Give an unaltered copy of the listing below, minus its pictures.

** Opening DATA TO USE block **

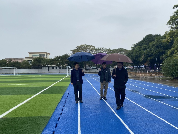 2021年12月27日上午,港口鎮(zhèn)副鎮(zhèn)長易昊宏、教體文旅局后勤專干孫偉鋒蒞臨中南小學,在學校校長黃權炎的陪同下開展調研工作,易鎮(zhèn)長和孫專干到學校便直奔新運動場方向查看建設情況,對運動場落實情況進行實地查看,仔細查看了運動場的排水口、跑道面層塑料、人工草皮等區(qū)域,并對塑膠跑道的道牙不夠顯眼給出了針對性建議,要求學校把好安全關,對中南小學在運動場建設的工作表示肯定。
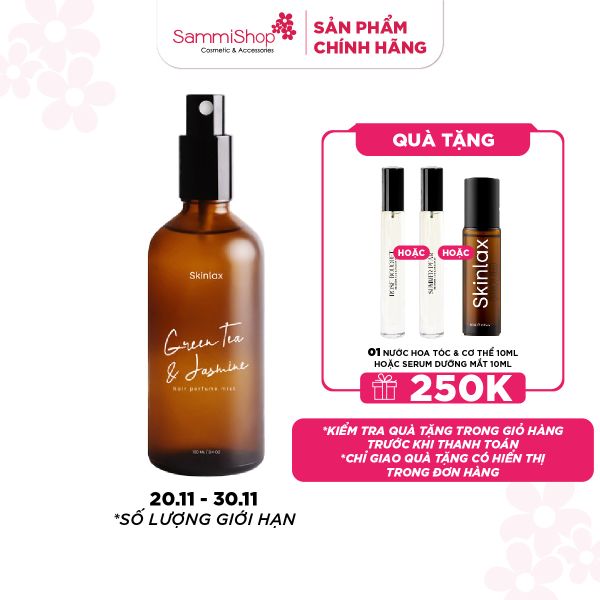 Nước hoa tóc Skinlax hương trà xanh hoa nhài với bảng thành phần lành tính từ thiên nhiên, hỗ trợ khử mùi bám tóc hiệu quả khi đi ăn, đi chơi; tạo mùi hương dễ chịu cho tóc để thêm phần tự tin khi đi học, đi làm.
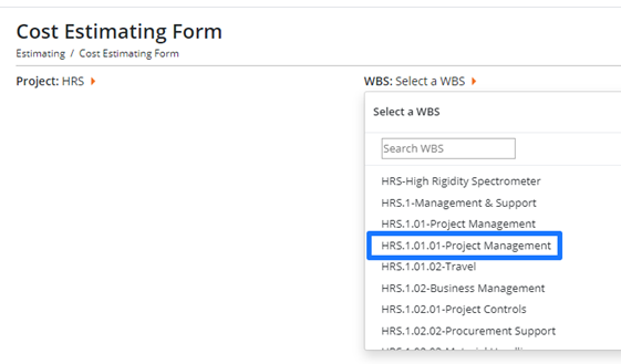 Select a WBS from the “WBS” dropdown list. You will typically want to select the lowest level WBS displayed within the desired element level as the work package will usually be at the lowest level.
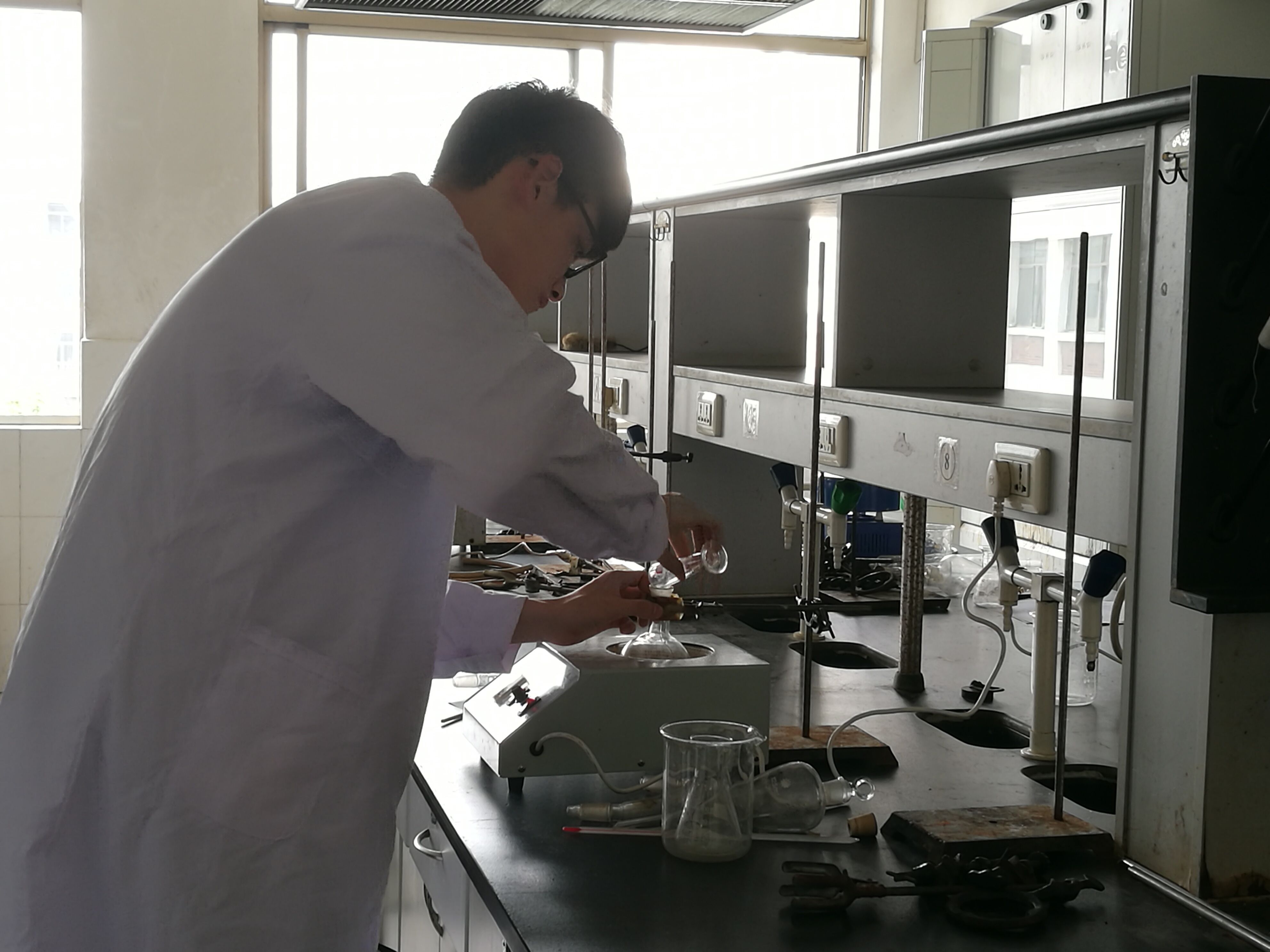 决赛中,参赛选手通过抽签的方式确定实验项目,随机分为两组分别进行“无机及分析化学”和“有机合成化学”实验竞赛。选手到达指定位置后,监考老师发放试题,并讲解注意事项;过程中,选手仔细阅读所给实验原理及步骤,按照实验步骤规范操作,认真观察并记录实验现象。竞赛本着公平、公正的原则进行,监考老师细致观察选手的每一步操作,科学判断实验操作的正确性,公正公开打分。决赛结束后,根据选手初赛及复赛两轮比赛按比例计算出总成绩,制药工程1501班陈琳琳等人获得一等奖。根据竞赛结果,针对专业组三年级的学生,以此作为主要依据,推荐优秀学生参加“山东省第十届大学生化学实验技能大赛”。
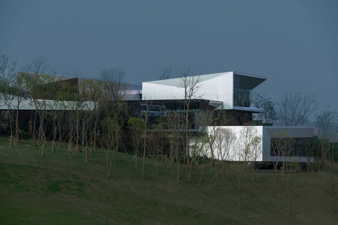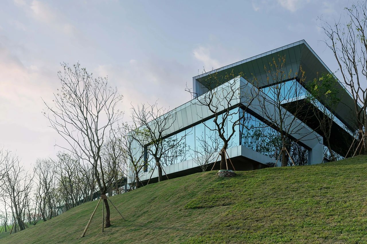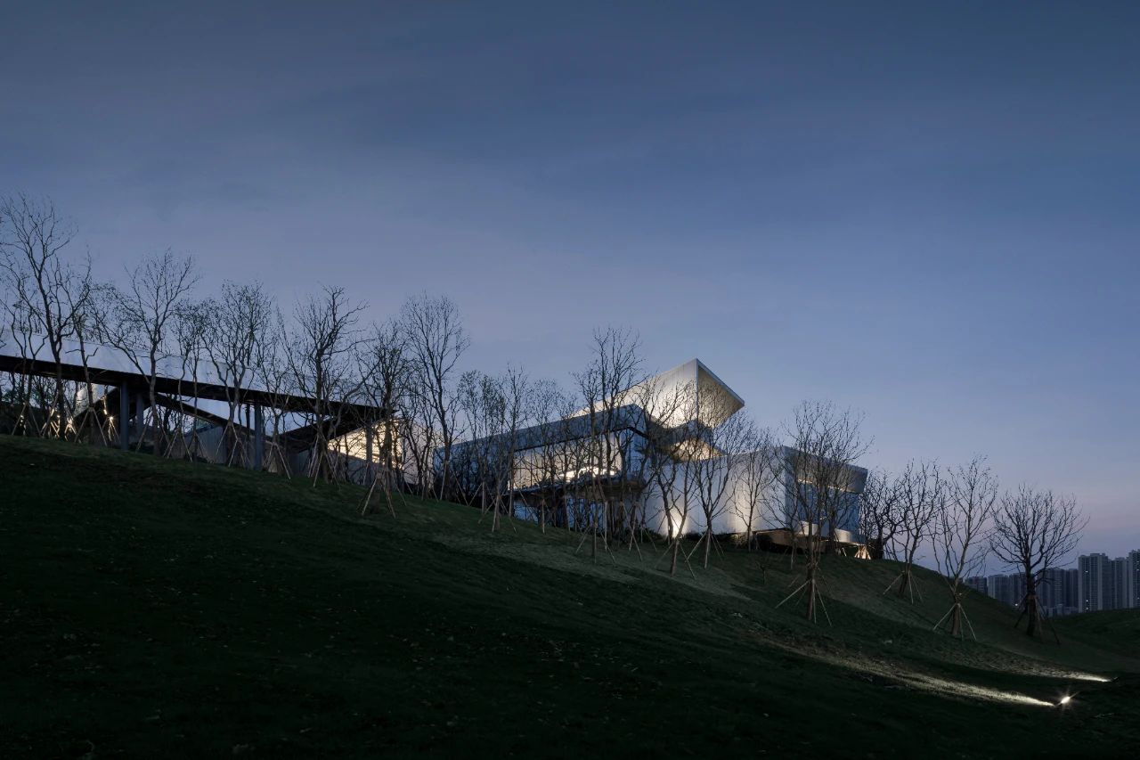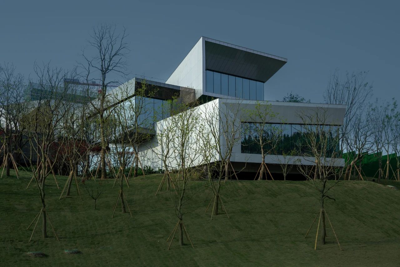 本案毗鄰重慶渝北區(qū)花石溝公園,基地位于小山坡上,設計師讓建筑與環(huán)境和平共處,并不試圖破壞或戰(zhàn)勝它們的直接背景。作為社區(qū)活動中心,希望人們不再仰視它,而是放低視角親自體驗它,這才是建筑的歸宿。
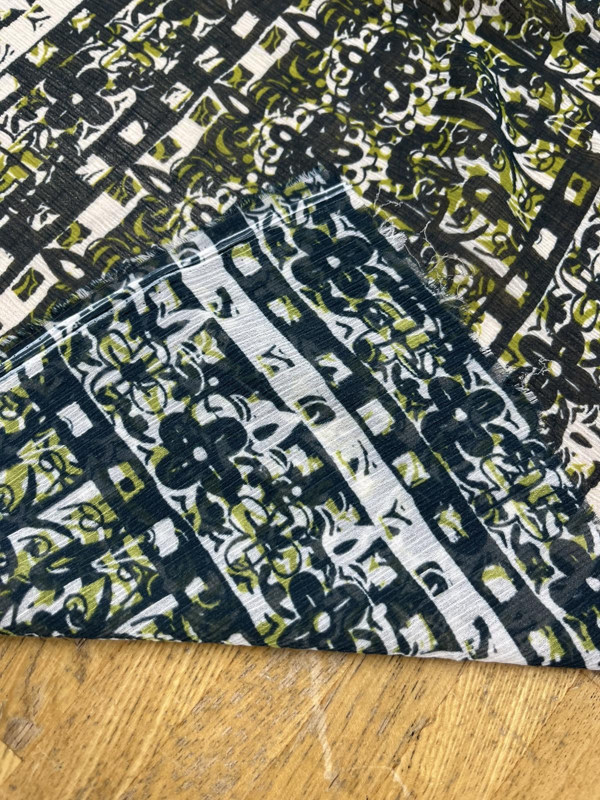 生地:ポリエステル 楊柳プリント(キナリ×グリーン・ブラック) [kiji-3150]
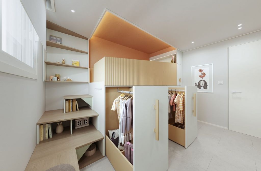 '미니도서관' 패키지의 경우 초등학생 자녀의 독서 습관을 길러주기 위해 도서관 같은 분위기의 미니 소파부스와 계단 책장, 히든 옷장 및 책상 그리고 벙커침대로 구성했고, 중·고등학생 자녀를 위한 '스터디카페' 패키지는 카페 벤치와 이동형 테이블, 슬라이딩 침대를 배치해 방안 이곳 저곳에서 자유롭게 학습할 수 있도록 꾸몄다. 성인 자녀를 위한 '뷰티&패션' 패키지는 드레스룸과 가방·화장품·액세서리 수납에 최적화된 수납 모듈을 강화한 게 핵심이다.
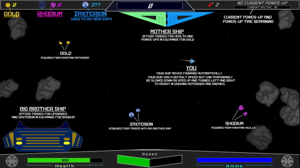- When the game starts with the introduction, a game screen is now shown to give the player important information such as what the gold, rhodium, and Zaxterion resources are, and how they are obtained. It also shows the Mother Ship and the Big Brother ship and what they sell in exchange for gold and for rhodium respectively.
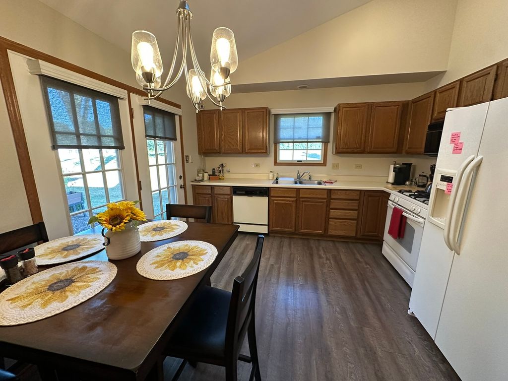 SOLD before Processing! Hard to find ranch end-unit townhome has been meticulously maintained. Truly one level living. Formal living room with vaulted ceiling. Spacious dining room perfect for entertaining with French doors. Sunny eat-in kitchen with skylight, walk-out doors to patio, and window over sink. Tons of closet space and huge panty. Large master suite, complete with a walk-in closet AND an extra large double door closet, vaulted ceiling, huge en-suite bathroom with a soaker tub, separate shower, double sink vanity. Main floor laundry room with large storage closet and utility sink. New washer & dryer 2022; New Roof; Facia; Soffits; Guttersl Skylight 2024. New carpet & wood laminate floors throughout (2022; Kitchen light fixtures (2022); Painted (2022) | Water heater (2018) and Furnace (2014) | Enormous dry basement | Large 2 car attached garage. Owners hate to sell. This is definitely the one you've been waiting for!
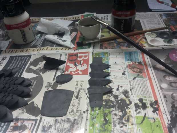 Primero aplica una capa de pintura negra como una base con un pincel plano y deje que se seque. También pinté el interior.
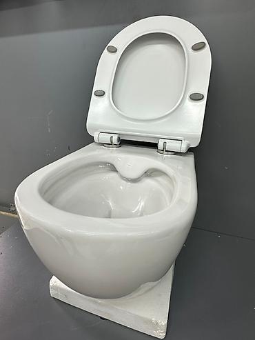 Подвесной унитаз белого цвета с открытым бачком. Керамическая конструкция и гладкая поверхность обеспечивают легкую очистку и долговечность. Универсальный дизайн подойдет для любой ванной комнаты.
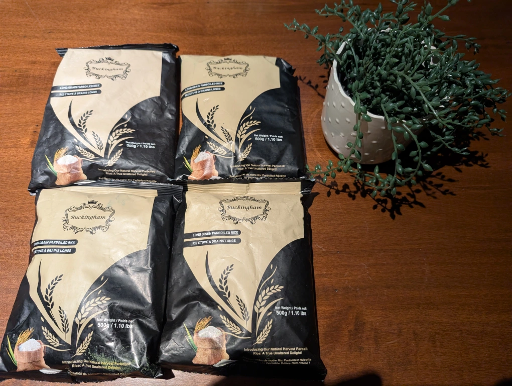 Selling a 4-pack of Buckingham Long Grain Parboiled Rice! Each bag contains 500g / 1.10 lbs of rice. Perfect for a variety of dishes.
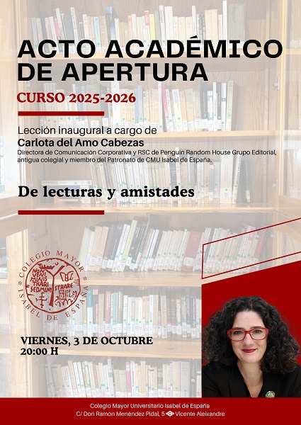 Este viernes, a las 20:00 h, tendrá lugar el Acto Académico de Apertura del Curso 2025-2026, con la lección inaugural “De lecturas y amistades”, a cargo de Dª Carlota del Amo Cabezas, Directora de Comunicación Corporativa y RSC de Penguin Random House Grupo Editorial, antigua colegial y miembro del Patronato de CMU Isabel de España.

** Closing DATA TO USE block **

**COMPLETED EXERCISE**
 2021年12月27日上午,港口鎮(zhèn)副鎮(zhèn)長易昊宏、教體文旅局后勤專干孫偉鋒蒞臨中南小學,在學校校長黃權炎的陪同下開展調研工作,易鎮(zhèn)長和孫專干到學校便直奔新運動場方向查看建設情況,對運動場落實情況進行實地查看,仔細查看了運動場的排水口、跑道面層塑料、人工草皮等區(qū)域,并對塑膠跑道的道牙不夠顯眼給出了針對性建議,要求學校把好安全關,對中南小學在運動場建設的工作表示肯定。
 Nước hoa tóc Skinlax hương trà xanh hoa nhài với bảng thành phần lành tính từ thiên nhiên, hỗ trợ khử mùi bám tóc hiệu quả khi đi ăn, đi chơi; tạo mùi hương dễ chịu cho tóc để thêm phần tự tin khi đi học, đi làm.
 Select a WBS from the “WBS” dropdown list. You will typically want to select the lowest level WBS displayed within the desired element level as the work package will usually be at the lowest level.
 决赛中,参赛选手通过抽签的方式确定实验项目,随机分为两组分别进行“无机及分析化学”和“有机合成化学”实验竞赛。选手到达指定位置后,监考老师发放试题,并讲解注意事项;过程中,选手仔细阅读所给实验原理及步骤,按照实验步骤规范操作,认真观察并记录实验现象。竞赛本着公平、公正的原则进行,监考老师细致观察选手的每一步操作,科学判断实验操作的正确性,公正公开打分。决赛结束后,根据选手初赛及复赛两轮比赛按比例计算出总成绩,制药工程1501班陈琳琳等人获得一等奖。根据竞赛结果,针对专业组三年级的学生,以此作为主要依据,推荐优秀学生参加“山东省第十届大学生化学实验技能大赛”。
 本案毗鄰重慶渝北區(qū)花石溝公園,基地位于小山坡上,設計師讓建筑與環(huán)境和平共處,并不試圖破壞或戰(zhàn)勝它們的直接背景。作為社區(qū)活動中心,希望人們不再仰視它,而是放低視角親自體驗它,這才是建筑的歸宿。
 生地:ポリエステル 楊柳プリント(キナリ×グリーン・ブラック) [kiji-3150]
 '미니도서관' 패키지의 경우 초등학생 자녀의 독서 습관을 길러주기 위해 도서관 같은 분위기의 미니 소파부스와 계단 책장, 히든 옷장 및 책상 그리고 벙커침대로 구성했고, 중·고등학생 자녀를 위한 '스터디카페' 패키지는 카페 벤치와 이동형 테이블, 슬라이딩 침대를 배치해 방안 이곳 저곳에서 자유롭게 학습할 수 있도록 꾸몄다. 성인 자녀를 위한 '뷰티&패션' 패키지는 드레스룸과 가방·화장품·액세서리 수납에 최적화된 수납 모듈을 강화한 게 핵심이다.
- When the game starts with the introduction, a game screen is now shown to give the player important information such as what the gold, rhodium, and Zaxterion resources are, and how they are obtained. It also shows the Mother Ship and the Big Brother ship and what they sell in exchange for gold and for rhodium respectively.
 SOLD before Processing! Hard to find ranch end-unit townhome has been meticulously maintained. Truly one level living. Formal living room with vaulted ceiling. Spacious dining room perfect for entertaining with French doors. Sunny eat-in kitchen with skylight, walk-out doors to patio, and window over sink. Tons of closet space and huge panty. Large master suite, complete with a walk-in closet AND an extra large double door closet, vaulted ceiling, huge en-suite bathroom with a soaker tub, separate shower, double sink vanity. Main floor laundry room with large storage closet and utility sink. New washer & dryer 2022; New Roof; Facia; Soffits; Guttersl Skylight 2024. New carpet & wood laminate floors throughout (2022; Kitchen light fixtures (2022); Painted (2022) | Water heater (2018) and Furnace (2014) | Enormous dry basement | Large 2 car attached garage. Owners hate to sell. This is definitely the one you've been waiting for!
 Primero aplica una capa de pintura negra como una base con un pincel plano y deje que se seque. También pinté el interior.
 Подвесной унитаз белого цвета с открытым бачком. Керамическая конструкция и гладкая поверхность обеспечивают легкую очистку и долговечность. Универсальный дизайн подойдет для любой ванной комнаты.
 Selling a 4-pack of Buckingham Long Grain Parboiled Rice! Each bag contains 500g / 1.10 lbs of rice. Perfect for a variety of dishes.
 Este viernes, a las 20:00 h, tendrá lugar el Acto Académico de Apertura del Curso 2025-2026, con la lección inaugural “De lecturas y amistades”, a cargo de Dª Carlota del Amo Cabezas, Directora de Comunicación Corporativa y RSC de Penguin Random House Grupo Editorial, antigua colegial y miembro del Patronato de CMU Isabel de España.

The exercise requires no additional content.